Choi Yoo-jung

Personal information
- Date of birth: 25 January 1992 (age 34)
- Height: 1.70 m (5 ft 7 in)
- Positions: Winger; striker;

Team information
- Current team: Hwacheon KSPO WFC
- Number: 10

Youth career
- 2010-2011: Ulsan College

Senior career*
- Years: Team / Apps / (Gls)
- 2012-2014: Suwon FMC
- 2015: Daejeon Sportstoto
- 2016-2018: Seoul City
- 2019-2023: Incheon Hyundai
- 2024-: Hwacheon KSPO

International career^{‡}
- 2011: South Korea Universiade / 6 / (2)
- 2011-2012: South Korea U-20 / 7 / (1)
- 2024-: South Korea / 8 / (1)

= Choi Yoo-jung (footballer) =

South Korean footballer (born 1992)

Choi Yoo-jung (born 25 January 1992) is a South Korean professional footballer who plays as a winger or striker for WK League club Hwacheon KSPO and the South Korea national team.

== Club career ==

=== Early years (2012–2018) ===
After graduating from Ulsan College, Choi made her WK League debut in 2012 with Suwon FMC and soon became known for her goalscoring ability. In 2014, Choi scored for Suwon in the final of the National Women's Football Championship, but the team ultimately lost 2–4 to Seoul City to finish as runners-up.

In 2015, Choi joined Daejeon Sportstoto, making her debut for the club in the opening match of the WK League season against Seoul City. The following year, she transferred to Seoul, where she maintained her reputation as one of the league's top goalscorers.

=== Incheon Hyundai Steel Red Angels (2019–2023) ===
Following the expiration of her contract with Seoul City, in 2019, Choi transferred to Incheon Hyundai Steel Red Angels, joining the club as it aimed to win an eighth consecutive WK League title.
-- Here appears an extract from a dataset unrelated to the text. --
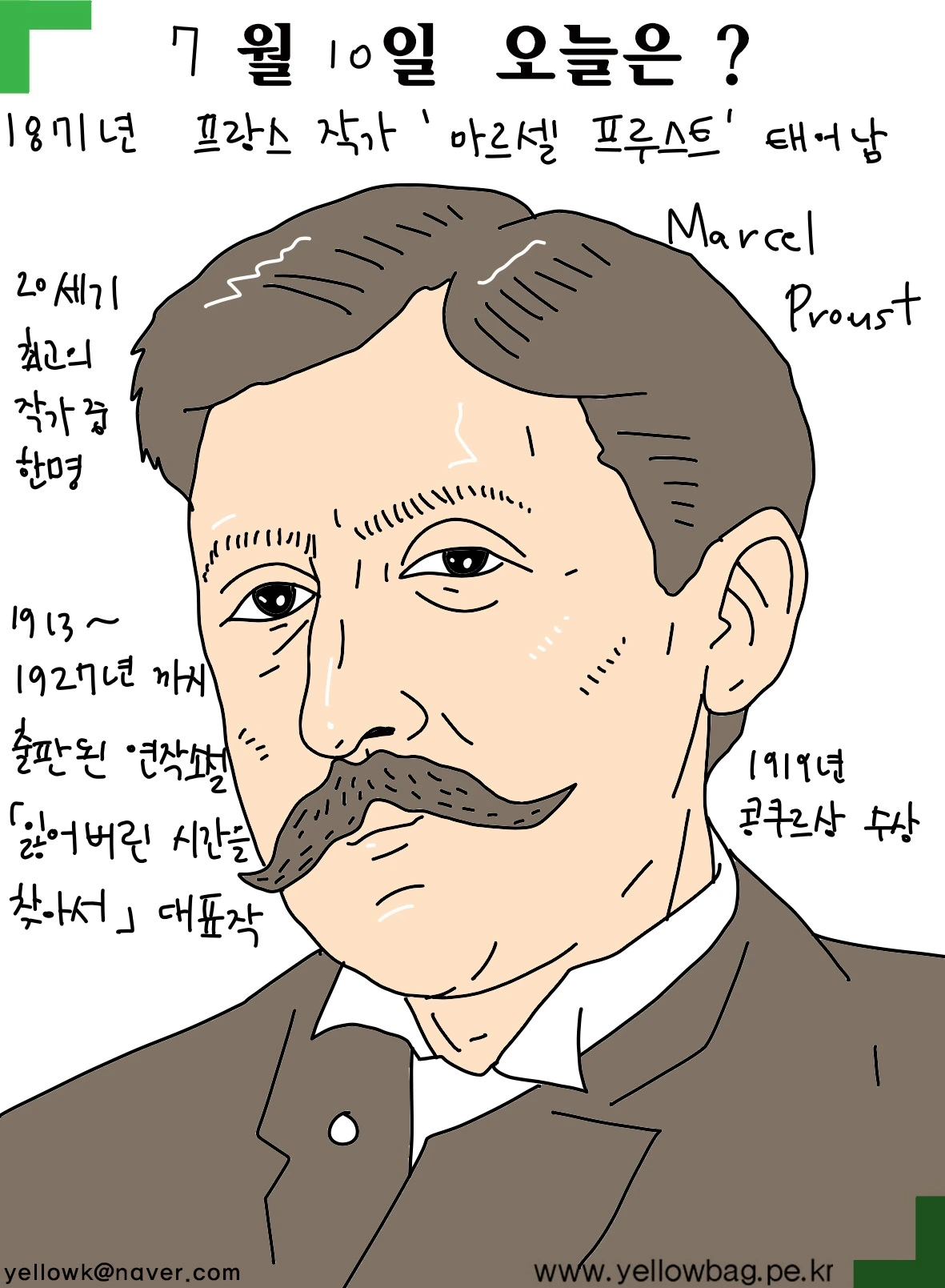 그는 20세기 최고의 작가 중 한명이며 1913-1927년까지 출판된 양과 질에서 최고작품인 연작소설 <잃어버린 시간을 찾아서> 가 있다. 그는 천식이 심해서 태양광선, 향수, 걸의 소요도 참기 힘들어 코르크로 밀폐된 방에서 수도사처럼 글을 썼다.

After settling into the team, Choi continued to demonstrate her creative abilities. In 2020, she scored a hat-trick in Incheon's 5–0 win against Hwacheon KSPO, and by the following year, she had established herself as a crucial member of the team's attacking line, recording nine goals and six assists in the first 15 matches of the 2021 WK League season, including a hat-trick against Changnyeong WFC in the second round.
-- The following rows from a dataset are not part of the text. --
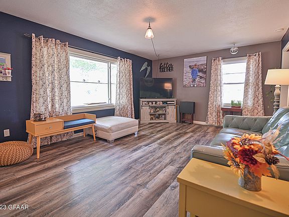 This spacious house offers 5 bedrooms and 2 bathrooms, providing plenty of room for comfortable living. The large rooms and recent updates create a modern and welcoming atmosphere. Additionally, it features an attached 2-stall garage for convenient parking. The main floor accommodates 3 bedrooms, while the remaining 2 bedrooms are located downstairs. Situated across the street from New Heights Elementary, which is also the site of the EGF school bus depot, and just 3 blocks away from East Grand Forks High School, the house enjoys a prime location. The Grand Forks Greenway is also conveniently within a 3-block distance, offering easy access to outdoor recreational activities. Privacy takes center stage in this remarkable home, highlighted by a fenced backyard that ensures a secluded atmosphere. For added versatility, the backyard includes a storage shed that can double as a dog kennel if needed. Unwind and find solace on the deck, providing a serene space to relax and enjoy your well-deserved downtime. All new upstairs windows, all new entry doors, LVP floors, seamless steel siding, Lennox central air system.
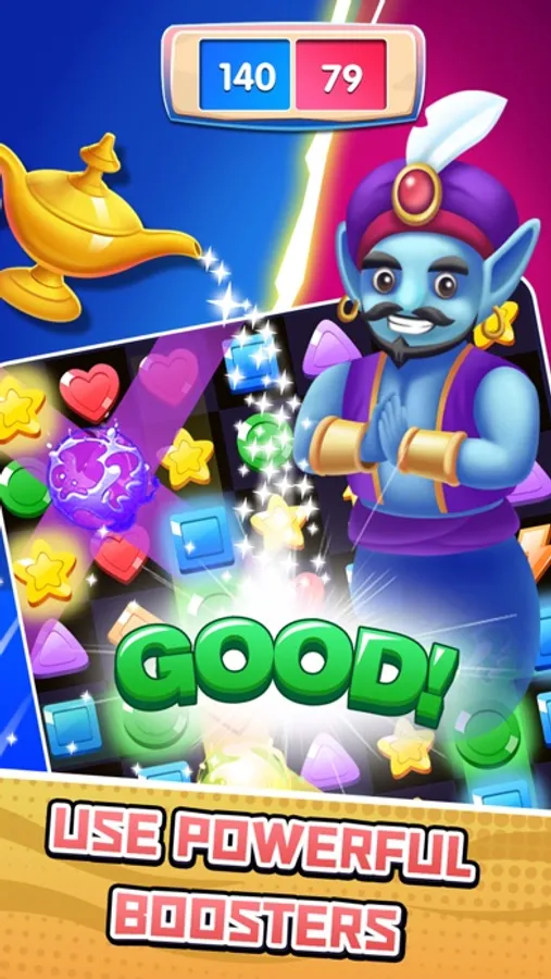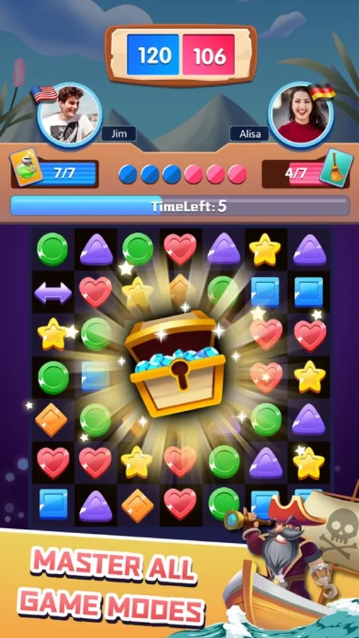 In Match Puzzle, players take turns playing against each other on the same match-3 board, so they have to consider not only how many points their moves will get, but also whether he will create chances for their opponents!
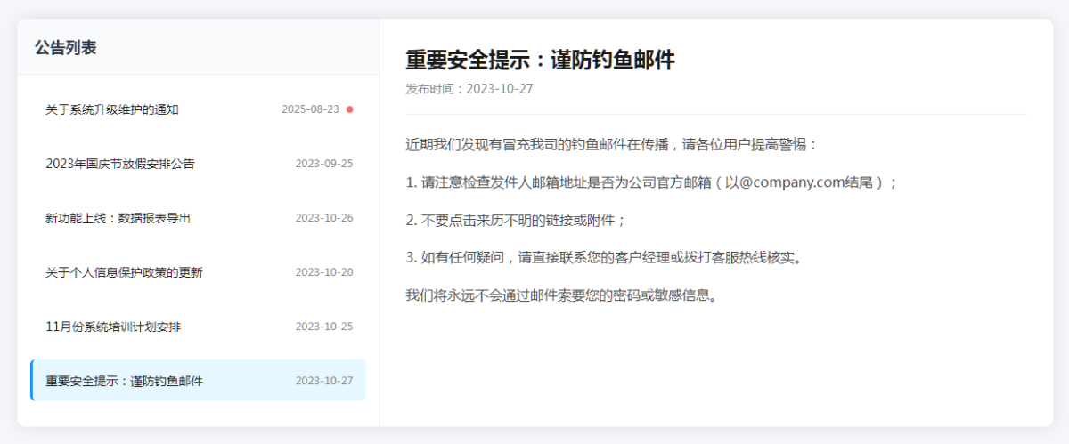 该样式采用了左右分栏的布局设计。左侧是 “公告列表”,以列表形式呈现多条公告条目,包含公告标题与发布时间,方便用户快速浏览和查找不同公告;右侧则是选中公告的详细内容展示区域,清晰呈现公告的具体信息,整体布局简洁明了,层次分明,能让用户高效获取公告相关内容。

Choi had a strong start to the 2023 WK League season, scoring two goals in Incheon's opening match against Mungyeong Sangmu and receiving the Player of the Match award.

=== Hwacheon KSPO (2024-) ===
Choi joined Hwacheon KSPO in 2024 and was a key player in that year's WK League campaign, scoring nine goals and providing five assists during the regular league season, which saw Hwacheon finish in first place. In 2025, she scored the winning goal in the final of the National Women's Football Championship and received the tournament's top goalscorer award. She was the top assist provider in the 2025 WK League, recording 13 assists during the regular season in addition to scoring 12 goals. She scored twice and provided one assist in the second leg of the championship final to help Hwacheon achieve their first WK League Championship title and complete the first domestic treble in the history of South Korean women's football. She was named in the 2025 WK League Best XI at the 2025 KWFF Awards.
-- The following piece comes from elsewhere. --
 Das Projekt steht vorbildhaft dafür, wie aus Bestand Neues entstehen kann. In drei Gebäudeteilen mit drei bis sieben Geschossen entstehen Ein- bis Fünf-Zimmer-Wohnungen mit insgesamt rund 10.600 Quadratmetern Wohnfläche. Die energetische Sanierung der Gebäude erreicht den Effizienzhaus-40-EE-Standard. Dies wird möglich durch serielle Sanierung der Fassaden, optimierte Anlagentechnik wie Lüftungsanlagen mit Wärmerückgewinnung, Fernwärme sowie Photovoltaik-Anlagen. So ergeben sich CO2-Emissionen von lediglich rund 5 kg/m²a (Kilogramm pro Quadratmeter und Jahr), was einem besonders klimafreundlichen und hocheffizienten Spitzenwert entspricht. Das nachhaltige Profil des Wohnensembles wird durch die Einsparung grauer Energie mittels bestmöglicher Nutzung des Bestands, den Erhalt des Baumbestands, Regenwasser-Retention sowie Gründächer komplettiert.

== International career ==
Choi received her first senior call-up for South Korea in 2024. She scored her first international goal in a match against India at the 2025 Pink Ladies Cup. Choi made her major tournament debut at the 2026 AFC Women's Asian Cup, appearing in South Korea's opening match against Iran.

== Career statistics ==

=== International ===

Appearances and goals by national team and year
| National team | Year | Apps | Goals |
| South Korea | 2024 | 2 | 0 |
| 2025 | 5 | 1 |
| 2026 | 1 | 0 |
| Total |  | 9 | 1 |

 Scores and results list South Korea's goal tally first, score column indicates score after each Choi Yoo-jung goal.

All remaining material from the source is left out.